• Ned Tijdschr Geneeskd · Mar 2001

    Review

    [Screening for lung cancer in the Netherlands: the role of spiral CT scan].

    • R J van Klaveren, J D Habbema, H J de Koning, M Oudkerk, R A Damhuis, and H C Hoogsteden.
    • Academisch Ziekenhuis Rotterdam-Dijkzigt, afd. Longziekten, Dr. Molewaterplein 40, 3015 GD Rotterdam. vanklaveren@svlo.azr.nl
    • Ned Tijdschr Geneeskd. 2001 Mar 17; 145 (11): 521-6.

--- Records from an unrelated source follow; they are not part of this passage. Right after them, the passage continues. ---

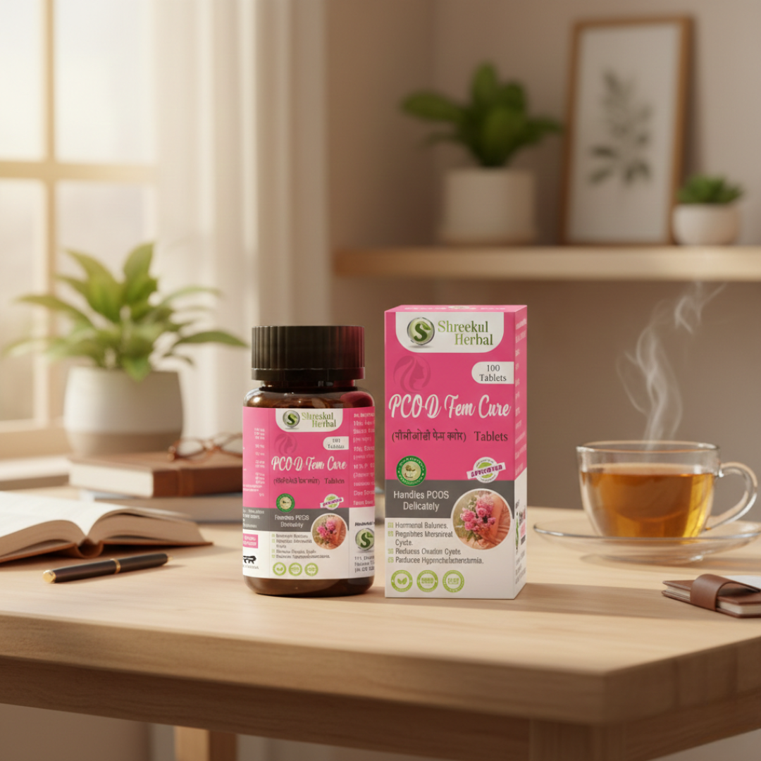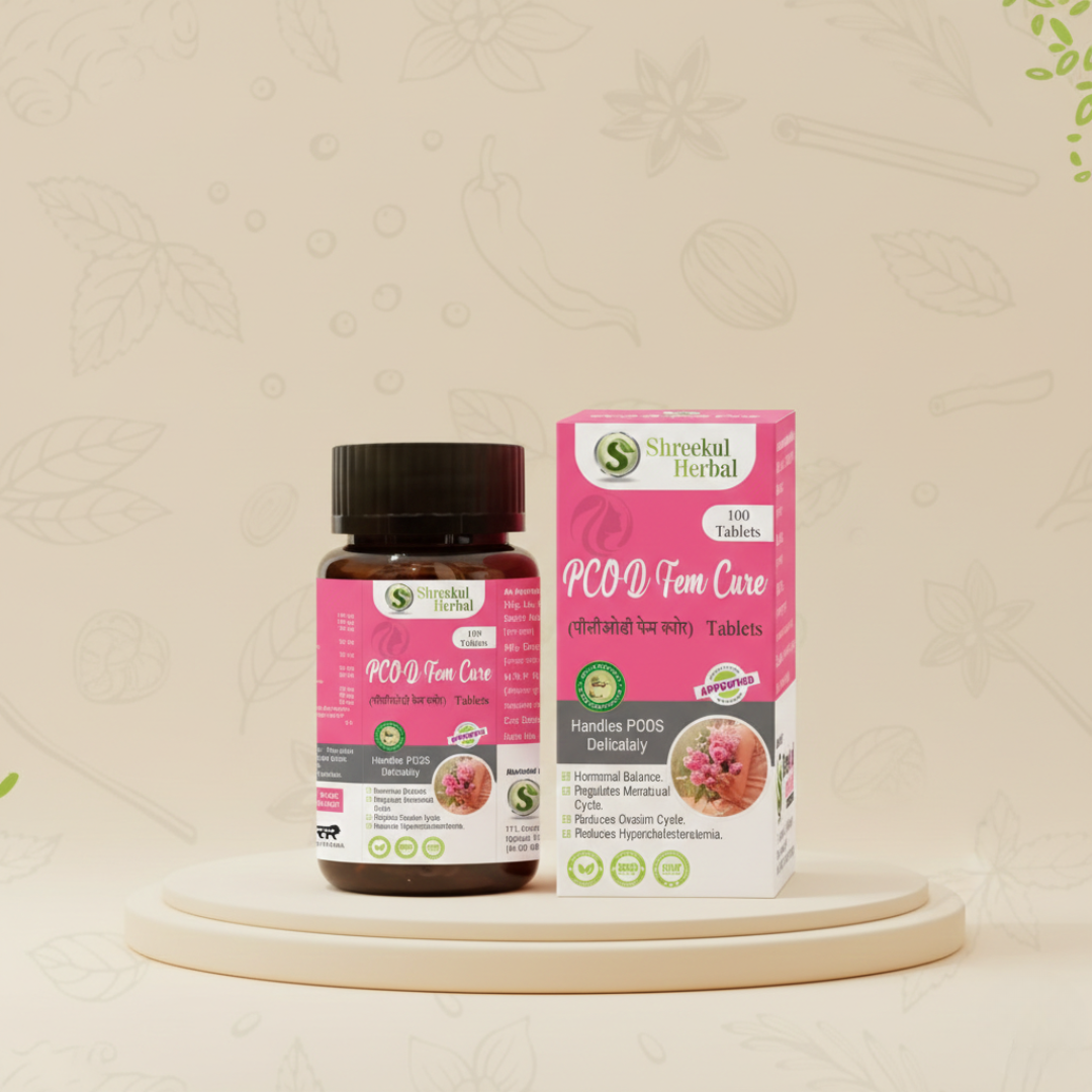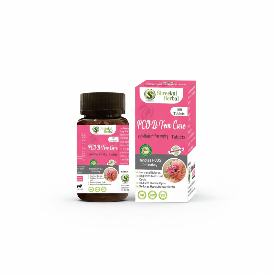PCOD Fem Cure Tablets are an effective Ayurvedic solution specially formulated for women struggling with PCOD / PCOS problems. These tablets help naturally balance hormonal imbalance, regulate irregular periods, and support the reduction of ovarian cysts.
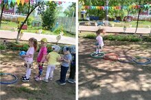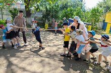 Особое внимание уделялось маленьким гостям праздника. Педагоги нашего детского сада подготовили для них разнообразные конкурсы, где каждый мог почувствовать себя настоящим победителем. Играли в веселые игры «Перенеси коромысло», «Кольцебросы», «Конные скачки», «С кочки на кочку» и другие. Родители также принимали активное участие в мероприятии. Дети весело провели время, праздник удался на славу!
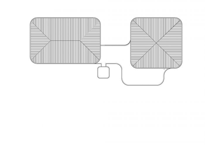 考虑到现有的场地,作为丰田汽车的试车区,驾驶轨道的概念被选择应用到建筑的布局和景观中,这可以从弯曲的边缘注意到,在建筑的每个角落都有一个赛车道的转折点。同样,绿化景观将从一个重叠的计划中放置在每个负空间。
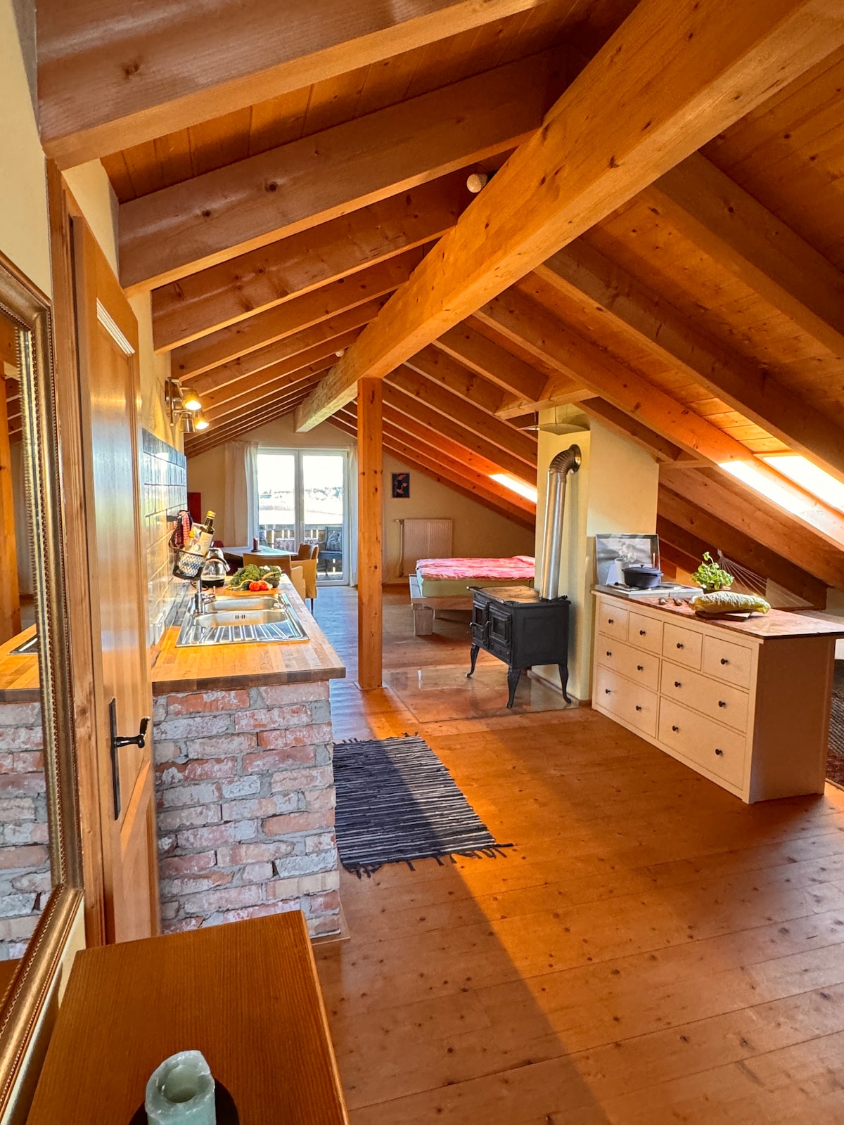 Un pequeño y romántico apartamento en una casa histórica de más de 260 años al pie de la montaña de Untersberg. El pasillo central conecta el salón, la cocina abierta, el baño y un pequeño despacho con un sofá cama. A través de la sala de estar se accede al dormitorio, que está equipado con una cama doble. Una estufa de leña en la sala de estar garantiza noches acogedoras. Un pequeño jardín delantero con juego de comedor te invita a relajarte.

    AbstractThe very poor prognosis of lung cancer has barely changed in the last two decades despite all efforts. However, prognosis is better when the disease is detected earlier, so that curative surgery or radiotherapy can be applied. Lung cancer screening in the past by chest X-ray did not lead to a decrease in lung cancer mortality, because the chest X-ray has low sensitivity for early invasive stages. With the advent of the low-dose spiral CT scan it has become feasible to detect early invasive stage I lung cancer in 80-90%. Modern screening for lung cancer by spiral CT scan could possibly decrease lung cancer mortality. Despite the first favourable results of screening the question remains whether lung cancer screening will be cost-effective. These questions can only be resolved in a randomised controlled trial with lung cancer mortality as unbiased end-point. Such a study should be initiated in the Netherlands, a country with large experience in screening trials and a good health care system. Only after lung cancer screening has proven to be cost-effective can appropriate implementation be recommended to prevent uncontrolled and opportunistic diffusion of this new screening technique into clinical practice in the near future.